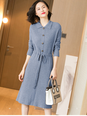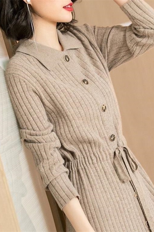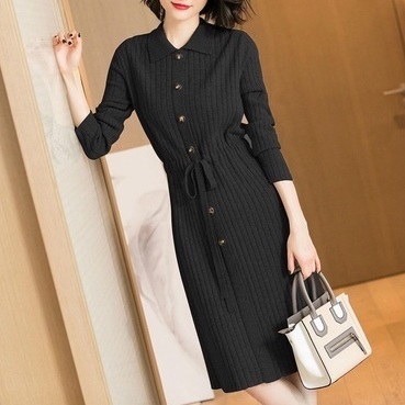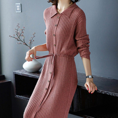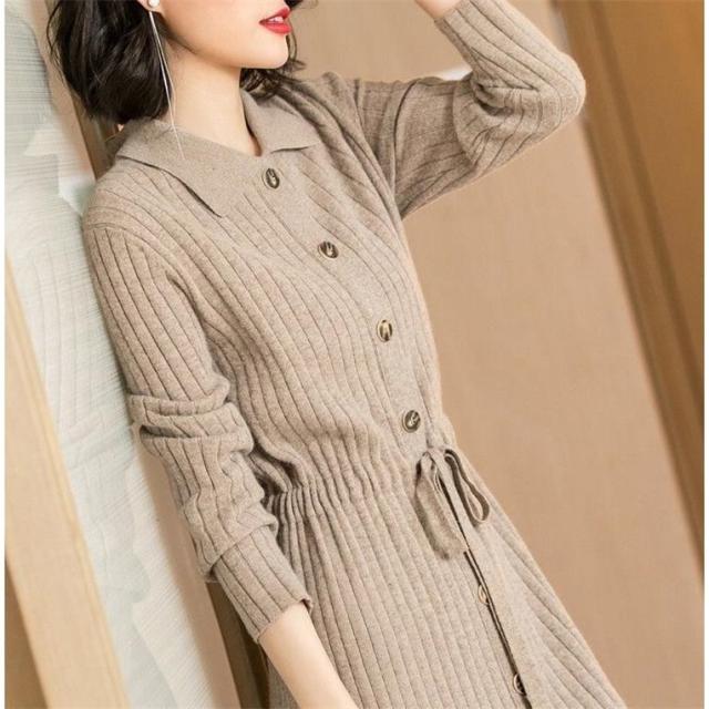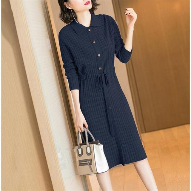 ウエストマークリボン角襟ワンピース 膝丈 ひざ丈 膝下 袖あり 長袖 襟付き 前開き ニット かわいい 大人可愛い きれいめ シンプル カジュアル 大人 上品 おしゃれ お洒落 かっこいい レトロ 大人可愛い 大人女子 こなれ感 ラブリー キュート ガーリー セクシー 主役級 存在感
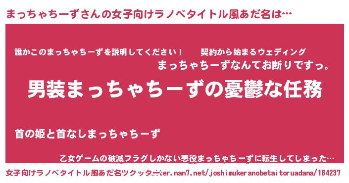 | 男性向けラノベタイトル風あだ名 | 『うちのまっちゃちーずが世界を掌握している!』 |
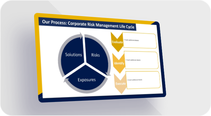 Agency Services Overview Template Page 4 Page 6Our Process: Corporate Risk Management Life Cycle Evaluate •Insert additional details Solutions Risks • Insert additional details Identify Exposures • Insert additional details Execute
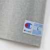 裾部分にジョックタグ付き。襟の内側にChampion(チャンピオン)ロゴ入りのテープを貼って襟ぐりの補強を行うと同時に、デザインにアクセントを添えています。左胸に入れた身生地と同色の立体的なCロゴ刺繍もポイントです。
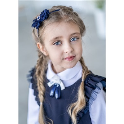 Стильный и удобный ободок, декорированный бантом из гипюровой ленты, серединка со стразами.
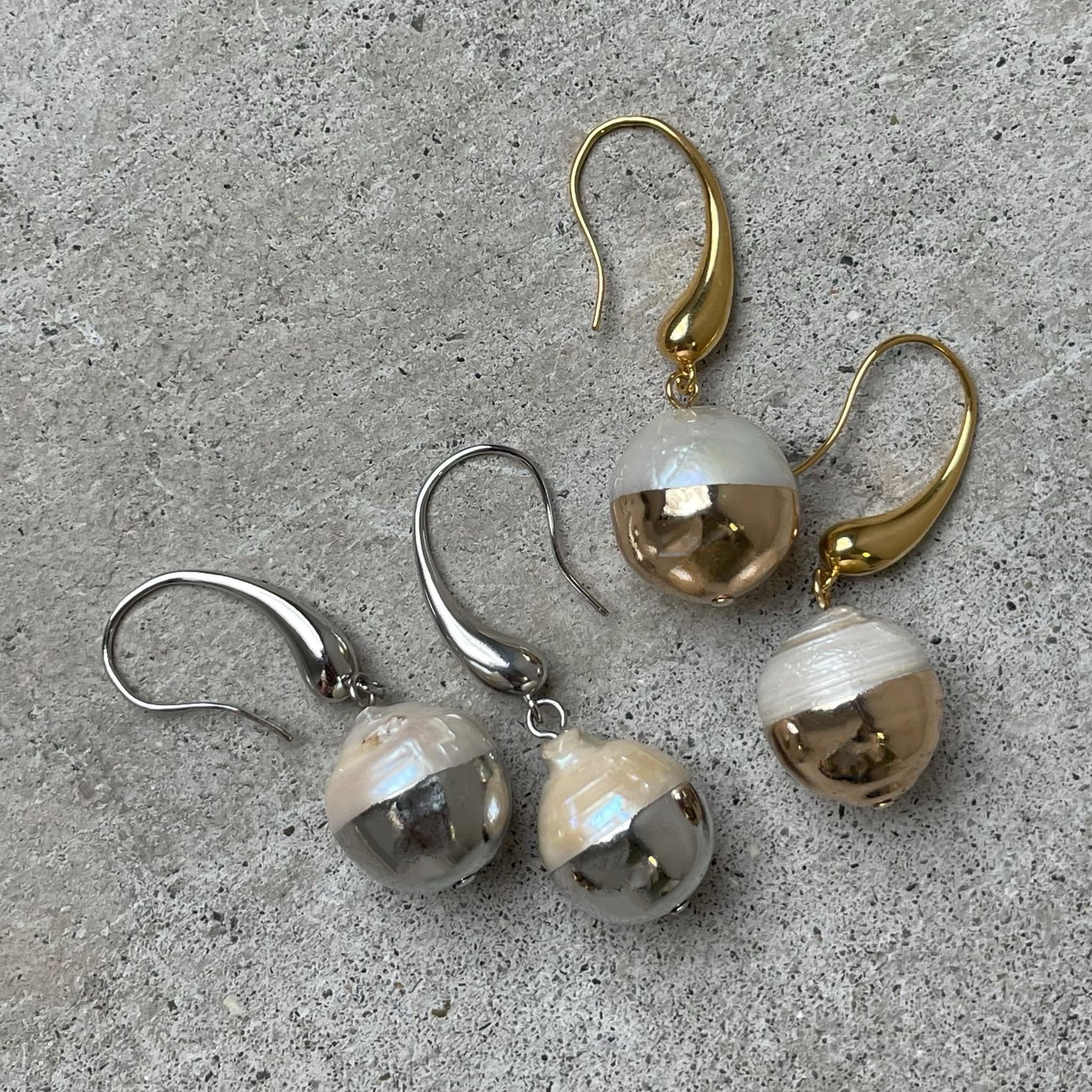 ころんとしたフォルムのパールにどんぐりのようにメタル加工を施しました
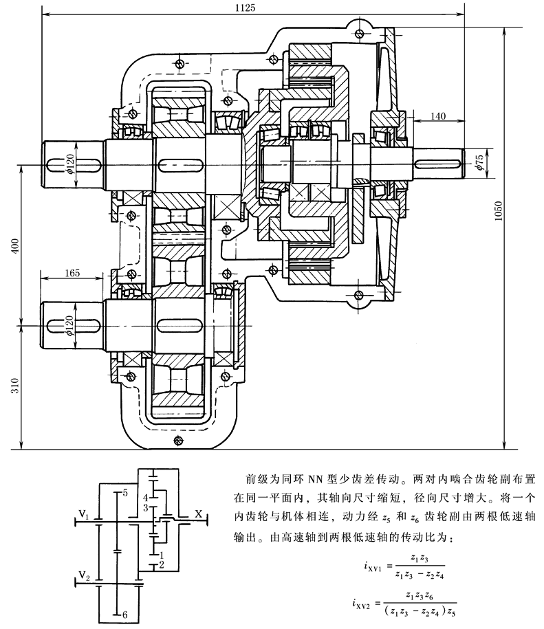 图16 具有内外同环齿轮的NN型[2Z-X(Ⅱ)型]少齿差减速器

┄┄┄┄┄┄┄┄┄┄┄┄┄┄┄┄┄┄┄┄

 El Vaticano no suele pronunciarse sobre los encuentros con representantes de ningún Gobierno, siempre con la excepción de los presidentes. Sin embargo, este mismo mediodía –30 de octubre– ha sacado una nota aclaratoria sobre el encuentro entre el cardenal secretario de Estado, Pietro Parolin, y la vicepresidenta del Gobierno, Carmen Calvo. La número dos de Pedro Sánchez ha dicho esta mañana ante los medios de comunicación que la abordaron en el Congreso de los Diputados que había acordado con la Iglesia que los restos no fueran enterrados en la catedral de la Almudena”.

┄┄┄┄┄┄┄┄┄┄┄┄┄┄┄┄┄┄┄┄

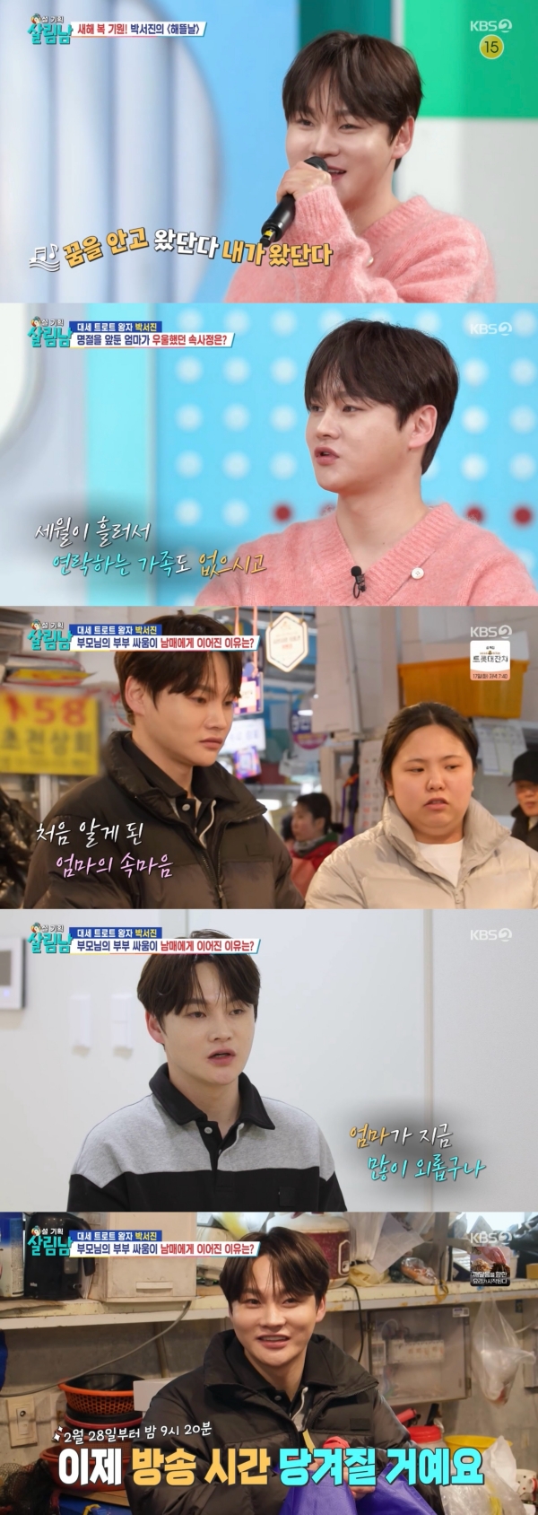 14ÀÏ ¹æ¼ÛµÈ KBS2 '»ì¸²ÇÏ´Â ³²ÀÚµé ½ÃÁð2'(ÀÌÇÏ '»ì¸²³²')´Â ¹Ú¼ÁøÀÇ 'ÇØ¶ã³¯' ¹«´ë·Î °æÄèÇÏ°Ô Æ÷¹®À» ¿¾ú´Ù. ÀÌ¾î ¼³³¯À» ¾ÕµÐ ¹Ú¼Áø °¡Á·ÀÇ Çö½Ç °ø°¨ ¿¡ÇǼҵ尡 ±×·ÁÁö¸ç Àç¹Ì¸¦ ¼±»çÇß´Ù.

┄┄┄┄┄┄┄┄┄┄┄┄┄┄┄┄┄┄┄┄

*WORK TASK*.
In the records above, copy exactly everything from the line that has "ウエストマークリボン角襟ワンピース 膝丈 ひざ丈" down to the line that has "男性向けラノベタイトル風あだ名 | 『うちのまっちゃちーずが世界を掌握している!』 |", both ends included, and leave out the pictures.

*TASK ANSWER*.
 ウエストマークリボン角襟ワンピース 膝丈 ひざ丈 膝下 袖あり 長袖 襟付き 前開き ニット かわいい 大人可愛い きれいめ シンプル カジュアル 大人 上品 おしゃれ お洒落 かっこいい レトロ 大人可愛い 大人女子 こなれ感 ラブリー キュート ガーリー セクシー 主役級 存在感
 | 男性向けラノベタイトル風あだ名 | 『うちのまっちゃちーずが世界を掌握している!』 |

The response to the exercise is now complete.